From 31 May 2023 the department of health conducted a public submission process seeking stakeholder feedback on the proposed reforms, including exposure drafts. Targeted consultation workshops with key stakeholders were also conducted. Online submissions were received from individual consumers, academics, public health organisations, state and territory health departments, Commonwealth agencies, tobacco manufacturers, importers, wholesalers, packagers and retailers. In general, public health stakeholders were supportive of the proposed reforms and amendments to the draft legislation, and some concerns were addressed. These included changes to the definition of an e-cigarette to ensure that vaping devices which resemble toys, food, drinks, cartoon characters, animals, musical instruments—the list goes on—are captured by the advertising and sponsorship prohibition.
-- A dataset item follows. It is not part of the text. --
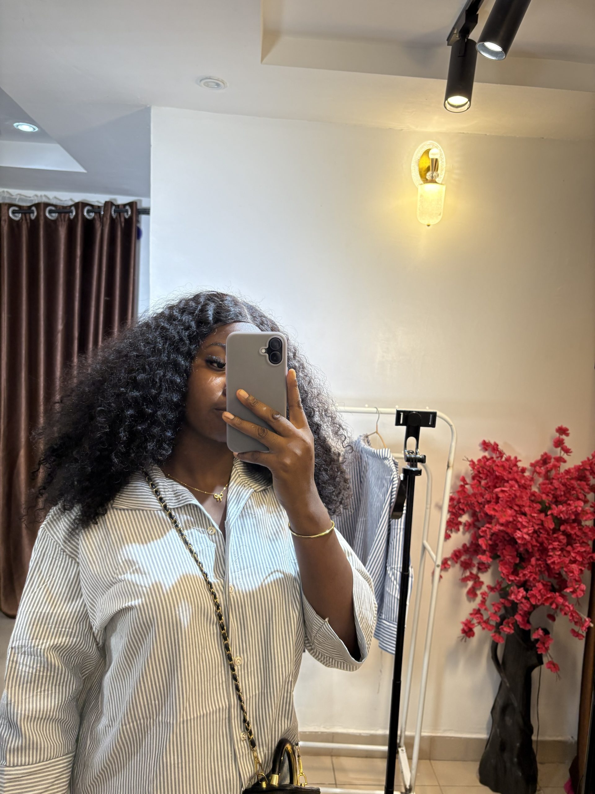 Grey and white striped shirt

Additionally, changes were made to the definition of 'prohibited term' to ensure that terms that imply a positive quality are captured. The bill provides limits on matters that will be included in the delegated legislation. The provisions in the bill specify the subject content and, in turn, what is included in the regulations. Some of the provisions in the bill relating to retail-packaging requirements include the content of tobacco information standard, which will be in the regulations. Due to its nature in including the level of detail, this material is more appropriately contained in an instrument rather than an act of parliament.
As a public health measure, directing to discourage the uptake and encouraging the cessation of smoking, the product and packaging requirements need to be adaptable. The substantive ability to prescribe such requirements are included in the bill, while the requirements themselves will be contained in the regulations, which are subject to disallowance. This supports an approach that is adaptive to an evolving public health issue, contemporary political advice and changes in technology and the market more generally. These reforms are supported by robust evidence of the impact of the measures on smoking. The long-term objectives are to reduce the prevalence by reducing uptake with a particular focus on youths and young adults. These measures will further strengthen gains made by Australia's world-leading reforms, such as plain packaging.
Labor has a proud history when it comes to tobacco control and is creating world-leading policy. We know this because 26 countries have followed Australia's example on plain packaging. Australia was once a world leader on tobacco control, and we will be again. The 11 measures in the government's tobacco reforms will put us back into a world-leading position alongside fellow OECD nations such as New Zealand and Canada. The Albanese government is determined to do all it can to tackle the harms that are caused by smoking. We want to ensure that in the future people don't take up smoking in the first place. I commend the bill to the House.